Google followed suit presenting secured open source software service (OSS), which packages the same workflows on which its developers rely to strengthen and validate the open source software supply chain.
This summer, as a breakthrough for companies and government agencies, the company will provide ongoing testing, corrections, and a deeper level of standard code analysis.
Google said it also continuously applies fuzzing, an automated form of software testing, to 550 of the most widely used open source projects, a process that has resulted in the discovery of at least 36,000 vulnerabilities in January 2022.
Google claims to be the first company to launch open source security software as a product, but there are specialized tools that cover the market targeting different components of open source software.
Google also introduced BeyondCorp Enterprise Essentials to help organizations implement a zero-trust architecture in third-party clouds, client applications, and the Chrome browser. This includes an application plug-in that extends capabilities to other cloud platforms such as AWS and Microsoft Azure, and a client plug-in that provides zero-trust access to on-premises or other cloud-hosted client applications.
Following in Microsoft’s footsteps
Google is not the first or only large cloud company to struggle to become a leader in security by launching, in part, services to support the other giants of the cloud. Microsoft has recently expanded its Defender for Cloud Google Cloud security solution, enabling the cloud-independent solution to natively support workloads, devices, and digital identities, whether or not a client uses Azure.
Bues supports Google’s position as an early leader in zero-trust network environments and notes that the company has made significant open source contributions, including the 2014 release of Kubernetes.
“Understand the challenges of verifying, updating and maintaining open source, continuous innovation in [open source security] with Assured OSS is a continuation of Google ‘s long – standing commitment to open source and the developer community, “said Bues.
Google will also integrate data loss prevention, malware protection, and URL fishing and filtering into the Chrome browser as part of its zero-trust architecture.
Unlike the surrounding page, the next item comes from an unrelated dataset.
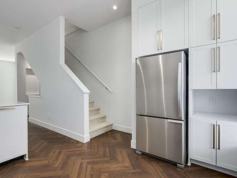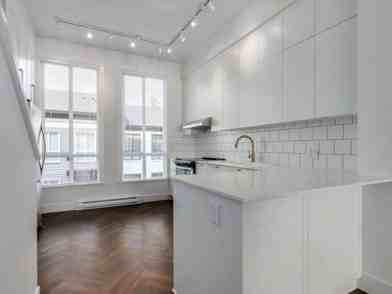 KITCHNER's Grandview home, 2 bedrooms Georgian brick row home. Steps away from Oliver Park, South Ridge & Morgan Crossing Shops. Design Briefing: This especially wide floor plan accommodates a double side-by-side garage for convenience of parking. The L shaped kitchen w/island opens into your backyard w/ both patio and enclosed grassy area- great for kids & pets. Kitchen features a modernist's retake on shaker-style cabinetry w/dramatic bronze pulls & faucet hardware. Ten-foot-high ceilings & over height windows fill the main level of living w/natural light while maximizing volume, storage, and interior design possibilities. Striking herringbone floor pattern brings back a historic pattern that's in vogue.

Google also introduced Security Foundation, a service that provides models and guidance followed by the Google Cloud Cybersecurity Action Team to help organizations validate configurations and overcome some of the challenges posed by the shortage of cybersecurity talent.
“Cybersecurity has become the biggest risk of all organizations today, as well as possibly in the future,” Potti said.
Security remains a major challenge for all organizations and the risk is growing, he added. Attacks on the software supply chain, according to Google, increased by 650% and over the last year at least 600 threat actors and hundreds of new families of malware have emerged.